_What you have to do_
Using the data that follows, give again word for word the lines between the one holding "Designed for the" and the one holding "Larry Brown of", inclusive. Omit the pictures.

_Provided data_
Start of Block
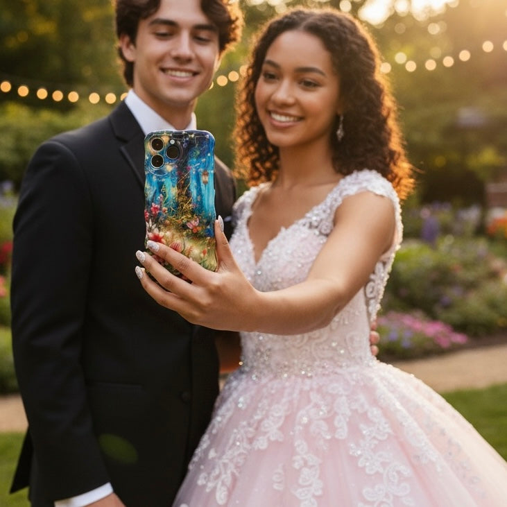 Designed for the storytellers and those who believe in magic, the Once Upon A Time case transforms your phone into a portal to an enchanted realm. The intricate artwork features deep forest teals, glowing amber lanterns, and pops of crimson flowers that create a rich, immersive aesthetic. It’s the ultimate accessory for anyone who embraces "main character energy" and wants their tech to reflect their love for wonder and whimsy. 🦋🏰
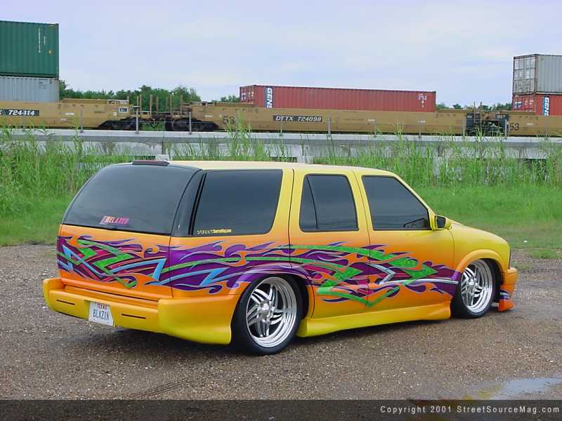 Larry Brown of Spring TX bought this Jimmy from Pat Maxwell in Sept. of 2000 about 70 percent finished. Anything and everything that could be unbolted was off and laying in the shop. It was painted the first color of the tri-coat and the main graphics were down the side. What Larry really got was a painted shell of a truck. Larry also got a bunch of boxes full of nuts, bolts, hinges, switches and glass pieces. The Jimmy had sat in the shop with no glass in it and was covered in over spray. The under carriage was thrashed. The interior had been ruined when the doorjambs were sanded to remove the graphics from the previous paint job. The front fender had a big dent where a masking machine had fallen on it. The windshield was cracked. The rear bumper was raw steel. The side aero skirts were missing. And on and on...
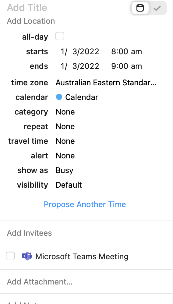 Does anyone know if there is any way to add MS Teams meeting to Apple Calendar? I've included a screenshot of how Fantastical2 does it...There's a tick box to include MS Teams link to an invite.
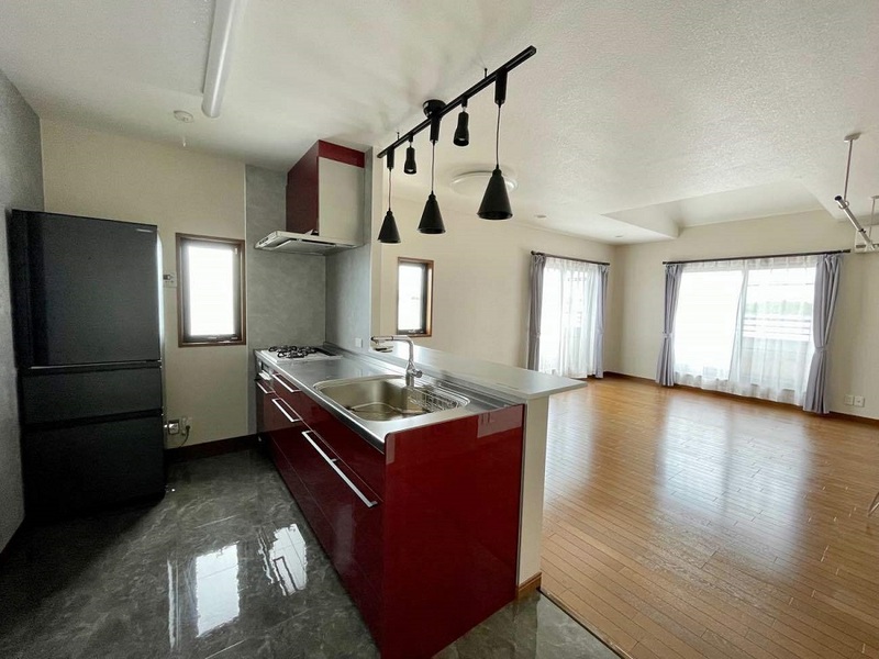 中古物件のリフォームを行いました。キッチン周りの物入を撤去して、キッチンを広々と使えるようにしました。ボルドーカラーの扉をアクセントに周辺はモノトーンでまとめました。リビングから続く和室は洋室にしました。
End of Block
Start of Block
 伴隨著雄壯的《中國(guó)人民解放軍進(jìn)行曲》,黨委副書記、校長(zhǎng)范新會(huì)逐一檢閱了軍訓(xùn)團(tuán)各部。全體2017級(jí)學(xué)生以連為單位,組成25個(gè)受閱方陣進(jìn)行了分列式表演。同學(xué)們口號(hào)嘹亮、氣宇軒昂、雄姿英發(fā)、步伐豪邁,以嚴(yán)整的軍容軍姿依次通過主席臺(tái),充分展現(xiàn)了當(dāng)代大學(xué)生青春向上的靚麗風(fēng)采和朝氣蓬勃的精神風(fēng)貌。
End of Block
_Output of the exercise_
 Designed for the storytellers and those who believe in magic, the Once Upon A Time case transforms your phone into a portal to an enchanted realm. The intricate artwork features deep forest teals, glowing amber lanterns, and pops of crimson flowers that create a rich, immersive aesthetic. It’s the ultimate accessory for anyone who embraces "main character energy" and wants their tech to reflect their love for wonder and whimsy. 🦋🏰
 Larry Brown of Spring TX bought this Jimmy from Pat Maxwell in Sept. of 2000 about 70 percent finished. Anything and everything that could be unbolted was off and laying in the shop. It was painted the first color of the tri-coat and the main graphics were down the side. What Larry really got was a painted shell of a truck. Larry also got a bunch of boxes full of nuts, bolts, hinges, switches and glass pieces. The Jimmy had sat in the shop with no glass in it and was covered in over spray. The under carriage was thrashed. The interior had been ruined when the doorjambs were sanded to remove the graphics from the previous paint job. The front fender had a big dent where a masking machine had fallen on it. The windshield was cracked. The rear bumper was raw steel. The side aero skirts were missing. And on and on...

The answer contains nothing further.